Image Source: https://www.flickr.com/photos/max-goldberg/24490975695/

Image Source: https://www.flickr.com/photos/max-goldberg/24490975695/

The latest poll results from Quinnipiac University reveal that, overall, public leanings towards presumptive presidential nominees Donald Trump and Hillary Clinton are about evenly split — but within certain demographics, the two are extremely polarized.

Republican candidate Donald Trump secured a mere 1% of African-American support in the poll of 1,610 registered voters, released June 29. Clinton, on the other hand, was backed by 91% of African-Americans surveyed.

“You’re not going to find a lot of black people who openly support Donald Trump,” Pastor Mark Burns, an African-American preacher and Trump supporter in South Carolina, told the NY Daily News. “If they openly supported Donald Trump, they’d get viciously attacked within their own community.”

While Republicans have historically had a difficult time garnering the black vote, Trump’s current statistics may make him the least-popular candidate among African-Americans ever. Mitt Romney, who ran against an incumbent Barack Obama in 2012, earned 6% of the black vote, while Senator John McCain secured only 4% back in 2008.

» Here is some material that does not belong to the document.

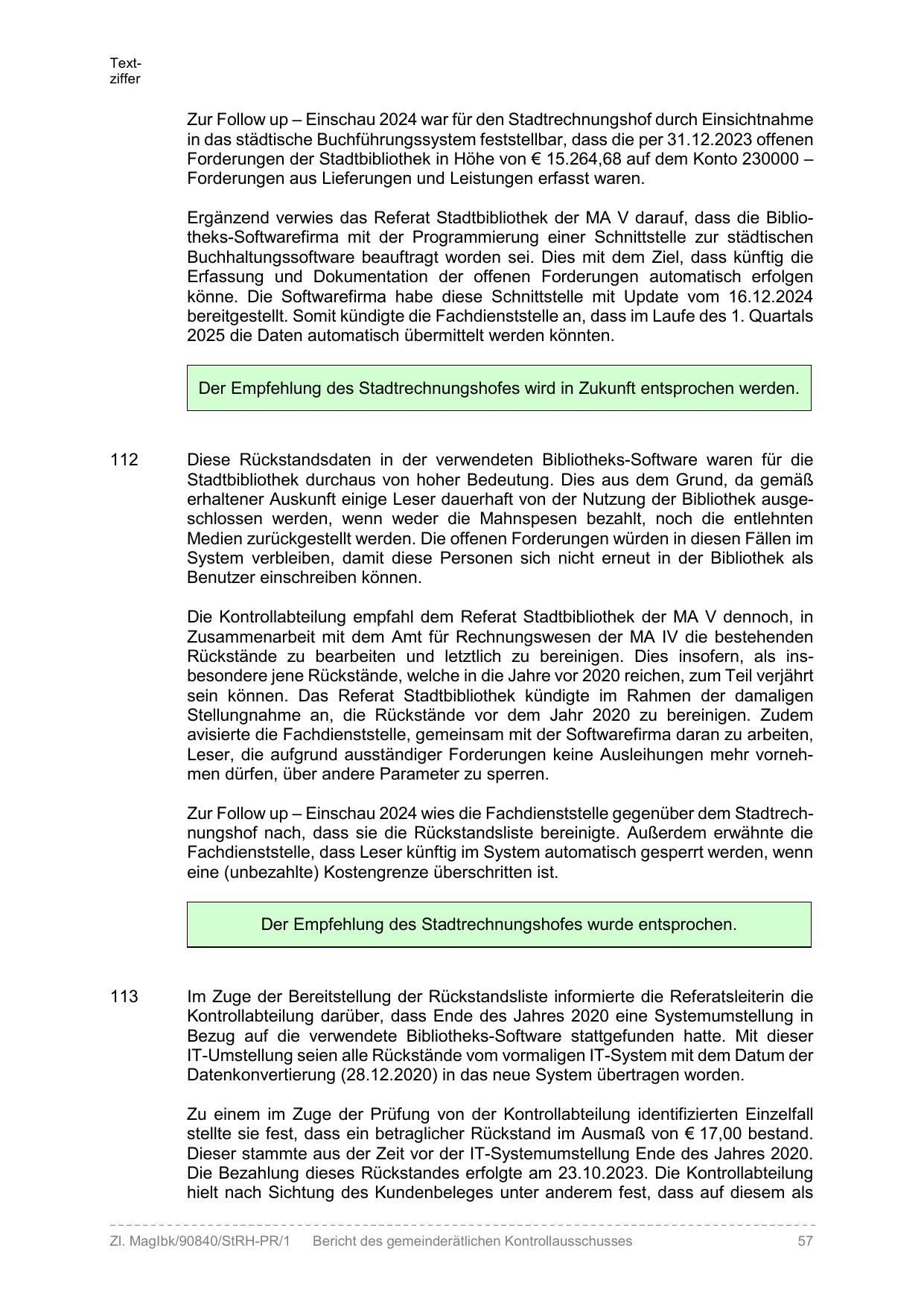 Zur Follow up – Einschau 2024 wies die Fachdienststelle gegenüber dem Stadtrechnungshof nach, dass sie die Rückstandsliste bereinigte. Außerdem erwähnte die
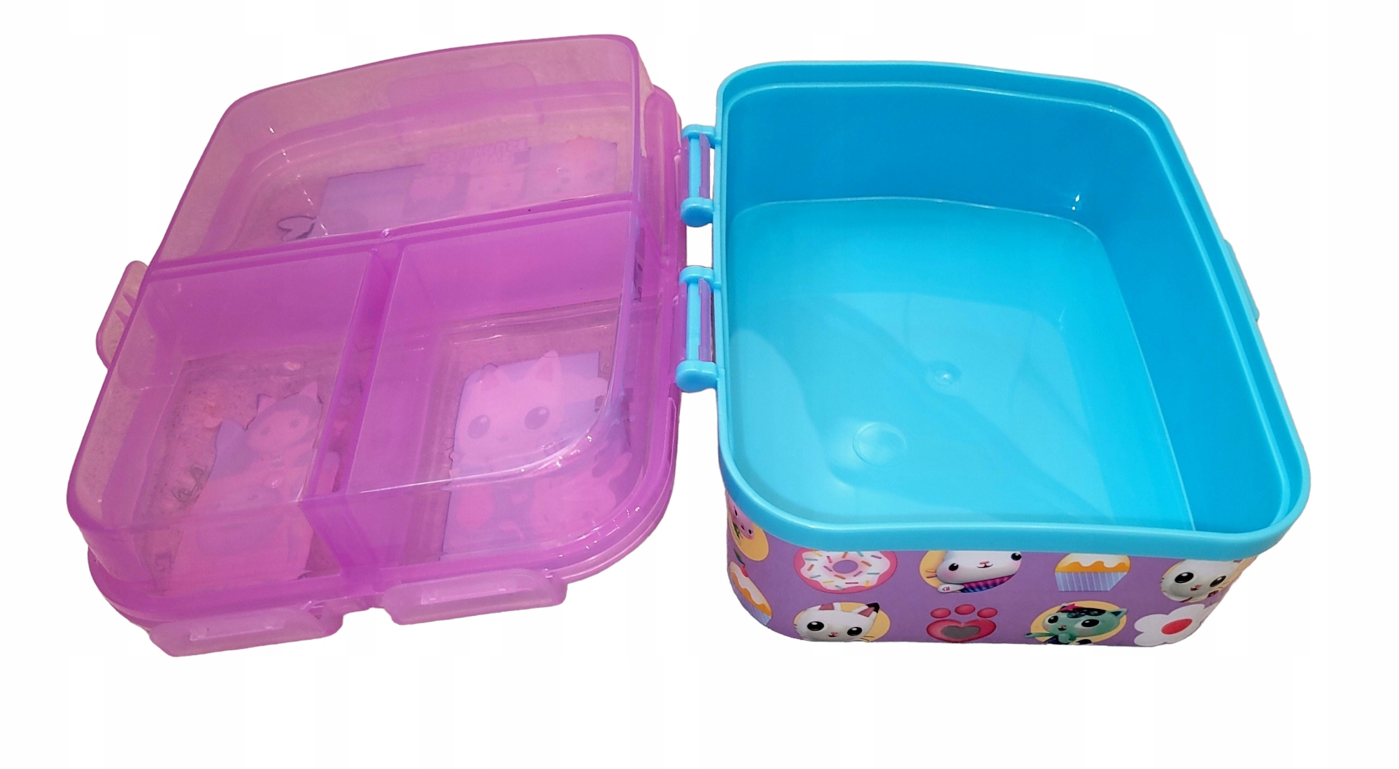 ➡️ Оригінальна і практична бутербродниця з відділеннями, щоб діти могли взяти перекуси до школи, парку чи подорожі. Виготовлений із міцного пластику, а оскільки він прикрашений привабливими візерунками, натхненними персонажами їхніх улюблених казок, малюкам сподобається брати його з собою куди завгодно. Ви можете використовувати його як органайзер для зберігання та транспортування ваших маленьких іграшок.

Trump, however, leads over Clinton in the white male demographic, 56% to her 25%, as well as among voters over age 50.

Clinton showed stronger among white women (42%), Hispanics (50%), voters with college degrees (47%), and Millennials (48%) — half of whom admit to counting on social media for consumer decisions and 60% of whom use social networks to stay up-to-date on media brands.

All told, however, Trump and Clinton currently seem to be running neck-and-neck, with Trump gaining an overall 40% of voter support and Clinton with a slight advantage at 42%. The poll, the authors note, has a two-point margin of error.

“It would be difficult to imagine a less flattering from-the-gut reaction to Donald Trump and Hillary Clinton,” Tim Malloy, assistant director of the Quinnipiac University poll, told the New York Times. “Voters find themselves in the middle of a mean-spirited, scorched-earth campaign between two candidates they don’t like.”